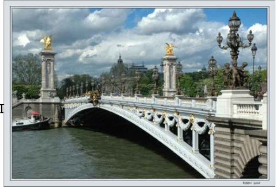
Мост Александра III в Париже
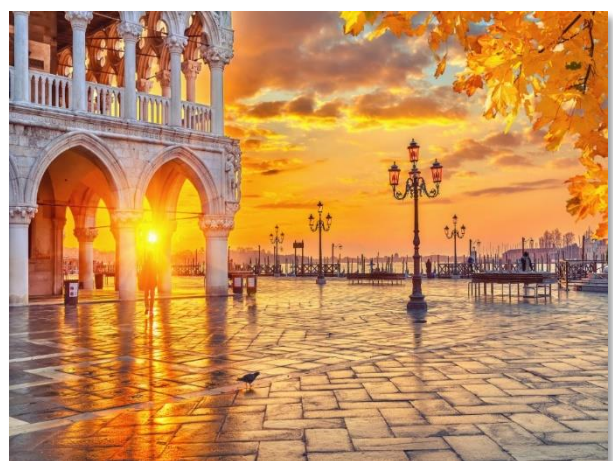
Η πλατεία Σαν Μάρκο το απόγευμα. Αυτή είναι η καλύτερη ώρα για να απολαύσετε ένα aperitif στο καφέ Florian
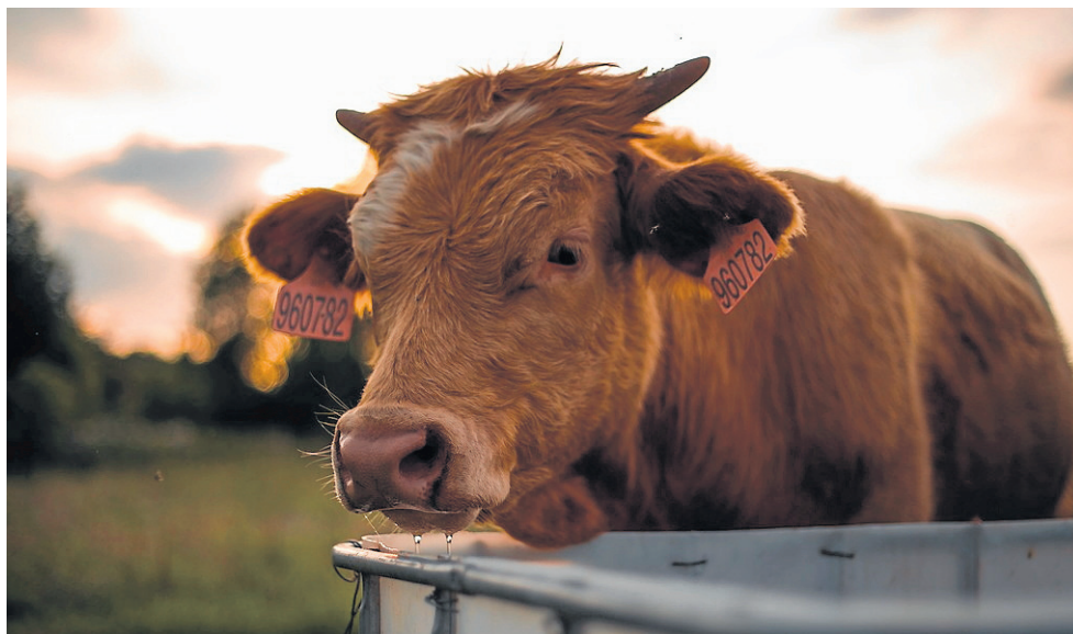
W woj. podlaskim jest ponad milion sztuk bydła

Najwięcej świń hoduje się w województwie wielkopolskim (ponad 4 mln sztuk), kujawsko-pomorskim (1,1 mln), łódzkim (1,2 mln), mazowieckim (prawie 1,3 mln sztuk). To dane z opracowania Głównego Urzędu Statystycznego „Zwierzęta gospodarskie w 2020 r.”
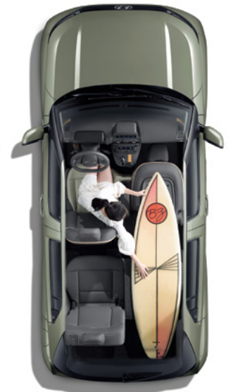
동승석 폴 폴딩 시트 / 2열 5:5 분할 폴딩
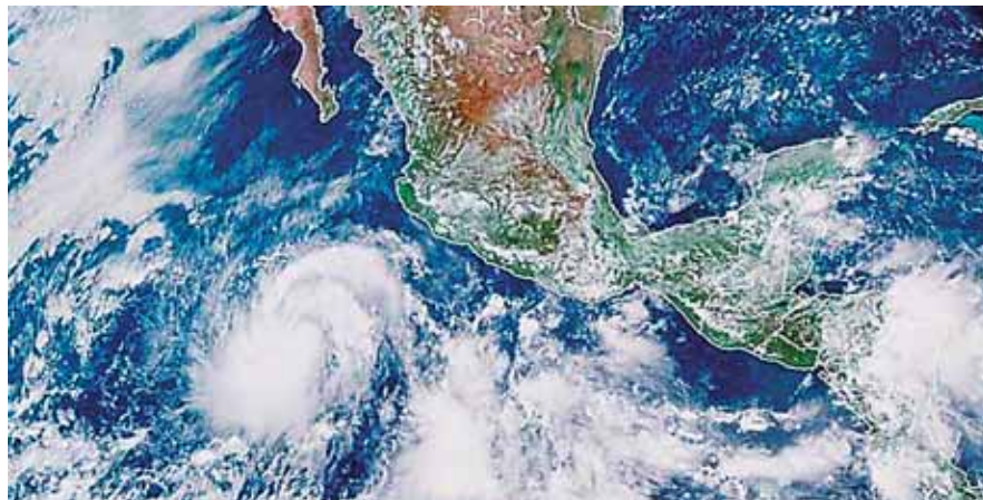
Las autoridades están preparando 700 refugios en Sonora, Baja California con capacidad para atender hasta 180 mil damnificados.

Al menos ocho personas murieron y otras seis se encuentran
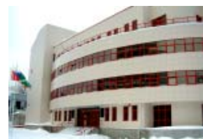
Административное здание. Авиапосёлок «Внуково». Архитектор Плеханов М.В. «Моспроект-2», мастерская 1
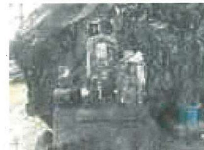
清洞寺岩地藏西町 平和祈願
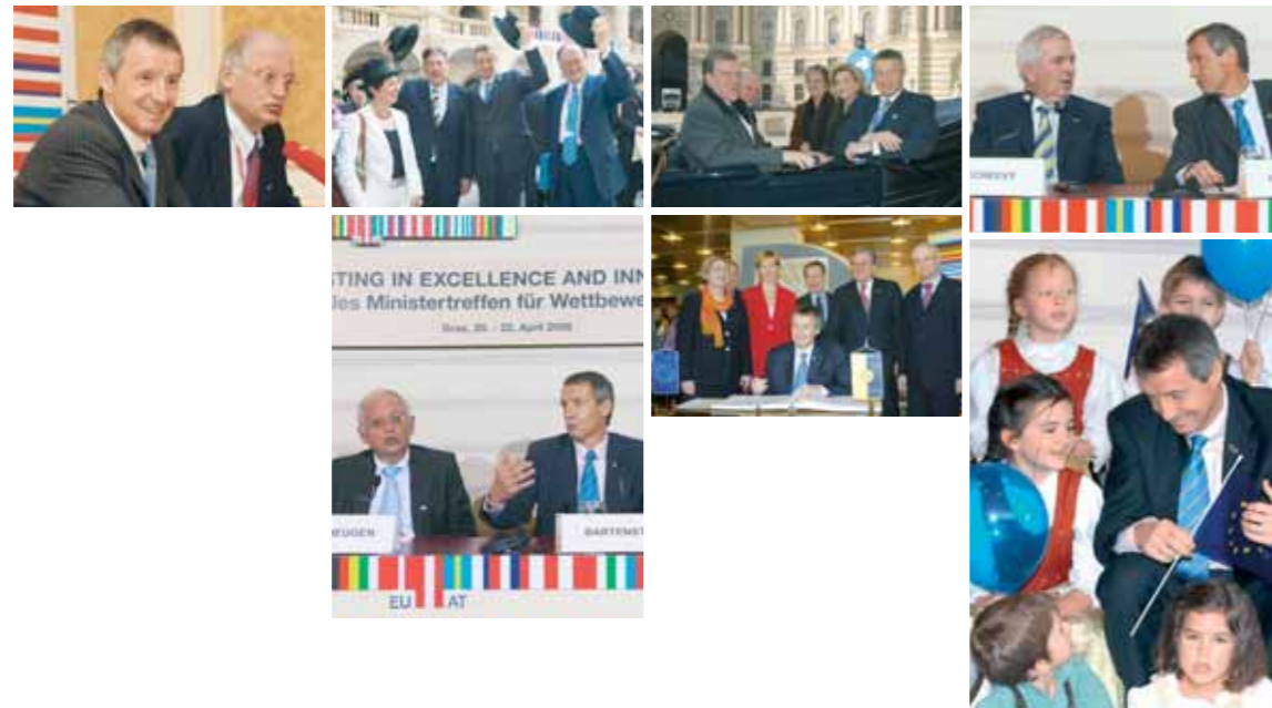
Bundesminister Dr. Martin Bartenstein
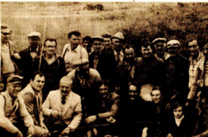
Članovi USR „UNA“ Bihac
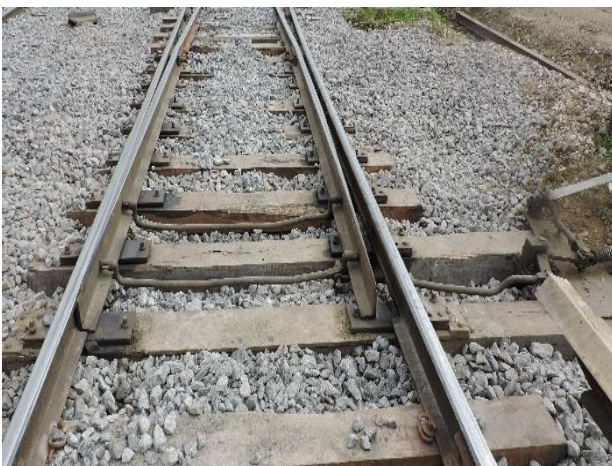
Ilustración 3. Estado al día 1/10/21

Se observó que, si bien el aparato de vía no fue reemplazado (es claro al poner en comparación ilustración 2 y 3), el mismo fue reacondicionado (según consta en informe de obra). Se evidenció una lubricación de los componentes del mecanismo.
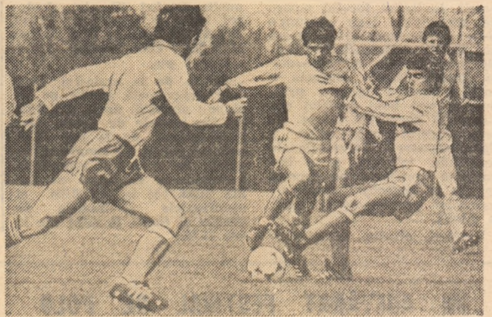
Impetuoasa aripă Mihai încearcă să treacă de defensiva oaspeților

Start de bun augur al reprezentativei noastre de juniori I în cadrul preliminarilor Campionatului European, elevii antrenorilor Constantin Ardeleanu, Alexandru Lazăr și Iosif Varga trînsînd în favoarea lor prima partidă din grupă, parteneri fiindu-le juniorii turci. Tabela de marcaj a consemnat în final un 3-1 mobilizator în perspectiva viitoarelor întîlniri, dar mai ales pentru cea mai apropiată, de la 26 iunie, tot pe teren propriu. În compania echipei U.R.S.S., principala contracandidată la primul loc în grupă, cel care conferă dreptul de promovare la turneul final. Tocmai de aceea considerăm că, pe lângă aprecierile favorabile care se cuvin pentru acest prim succes, trebuie insistat și asupra unor carente care și-au făcut loc în jocul de ansamblu al tinerilor noștri tricolori, astfel încît ele să constituie punctul de plecare al preparativelor în vederea dificilului meci cu echipa U.R.S.S. Alfel spus, și din victorie trebuie învățat!
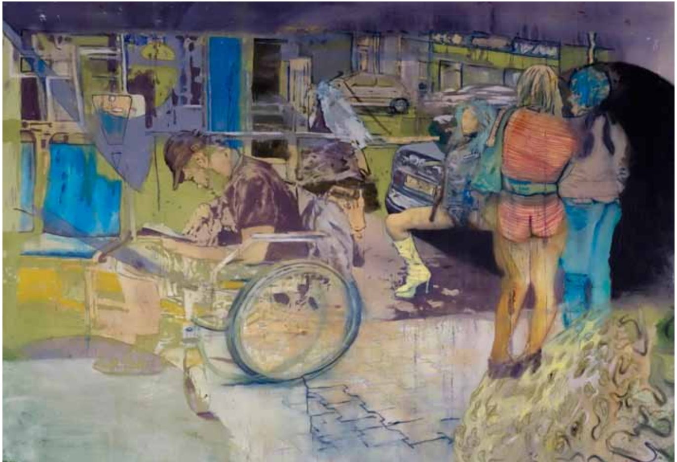
„Die Zeit ist das bewegte Bild der Ewigkeit.“ (PLATON), ca. 275 cm x 230 cm
○ ○ ○
## Problem to work on
Set down every record above exactly as it stands, but skip the pictures.

## Completed task
Мост Александра III в Париже
Η πλατεία Σαν Μάρκο το απόγευμα. Αυτή είναι η καλύτερη ώρα για να απολαύσετε ένα aperitif στο καφέ Florian
W woj. podlaskim jest ponad milion sztuk bydła

Najwięcej świń hoduje się w województwie wielkopolskim (ponad 4 mln sztuk), kujawsko-pomorskim (1,1 mln), łódzkim (1,2 mln), mazowieckim (prawie 1,3 mln sztuk). To dane z opracowania Głównego Urzędu Statystycznego „Zwierzęta gospodarskie w 2020 r.”
동승석 폴 폴딩 시트 / 2열 5:5 분할 폴딩
Las autoridades están preparando 700 refugios en Sonora, Baja California con capacidad para atender hasta 180 mil damnificados.

Al menos ocho personas murieron y otras seis se encuentran
Административное здание. Авиапосёлок «Внуково». Архитектор Плеханов М.В. «Моспроект-2», мастерская 1
清洞寺岩地藏西町 平和祈願
Bundesminister Dr. Martin Bartenstein
Članovi USR „UNA“ Bihac
Ilustración 3. Estado al día 1/10/21

Se observó que, si bien el aparato de vía no fue reemplazado (es claro al poner en comparación ilustración 2 y 3), el mismo fue reacondicionado (según consta en informe de obra). Se evidenció una lubricación de los componentes del mecanismo.
Impetuoasa aripă Mihai încearcă să treacă de defensiva oaspeților

Start de bun augur al reprezentativei noastre de juniori I în cadrul preliminarilor Campionatului European, elevii antrenorilor Constantin Ardeleanu, Alexandru Lazăr și Iosif Varga trînsînd în favoarea lor prima partidă din grupă, parteneri fiindu-le juniorii turci. Tabela de marcaj a consemnat în final un 3-1 mobilizator în perspectiva viitoarelor întîlniri, dar mai ales pentru cea mai apropiată, de la 26 iunie, tot pe teren propriu. În compania echipei U.R.S.S., principala contracandidată la primul loc în grupă, cel care conferă dreptul de promovare la turneul final. Tocmai de aceea considerăm că, pe lângă aprecierile favorabile care se cuvin pentru acest prim succes, trebuie insistat și asupra unor carente care și-au făcut loc în jocul de ansamblu al tinerilor noștri tricolori, astfel încît ele să constituie punctul de plecare al preparativelor în vederea dificilului meci cu echipa U.R.S.S. Alfel spus, și din victorie trebuie învățat!
„Die Zeit ist das bewegte Bild der Ewigkeit.“ (PLATON), ca. 275 cm x 230 cm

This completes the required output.